The first time she visited DEF she wore a safely anonymous faded floral dress and no stockings. The Polish gateman went through the business of calling Herr Schindler’s office upstairs, and through the glass she could see him disapproving of her. It’s nobody—some grubby girl from one of the other factories. She had the normal fear of people on Aryan papers that a hostile Pole would somehow spot her Jewishness. This one looked hostile.

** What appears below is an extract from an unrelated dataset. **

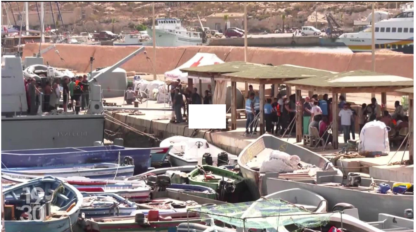
Le gouvernement italien adopte des mesures pour faire face à la vague d'arrivées de migrants sur l'île de Lampedusa / 19h30 / 1 min. / aujourd'hui à 19:30

Le gouvernement italien a approuvé lundi de nouvelles mesures pour endiguer les arrivées de migrants. Il entend notamment créer plus de centres de rétention et augmenter la durée de détention pour les migrants illégaux pour dissuader les départs d'Afrique du Nord.

It’s of no great importance, she told him when he returned shaking his head. She wanted to put him off her track. But the Pole did not even bother to lie to her. “He won’t see you,” he said. The hood of a BMW glowered in the factory yard, she could see, and it could belong only to Herr Schindler. He was in, but not to visitors who couldn’t afford stockings. She went away trembling at her escape. She’d been saved from making to Herr Schindler a confession which, even in her sleep, she feared making to anyone.

She waited a week before she could get more time off from the factory in Podgorze. She devoted an entire half-day to her approach. She bathed and got black-market stockings. From one of her few friends—a girl on Aryan papers could not risk having many—she borrowed a blouse.

She had an excellent jacket of her own and bought a lacquered straw hat with a veil. She made up her face, achieving a dark radiance appropriate to a woman living beyond threat. In the mirror she looked like her prewar self, an elegant Cracovienne of exotic racial derivation—Hungarian businessman father, perhaps, and a mother from Rio.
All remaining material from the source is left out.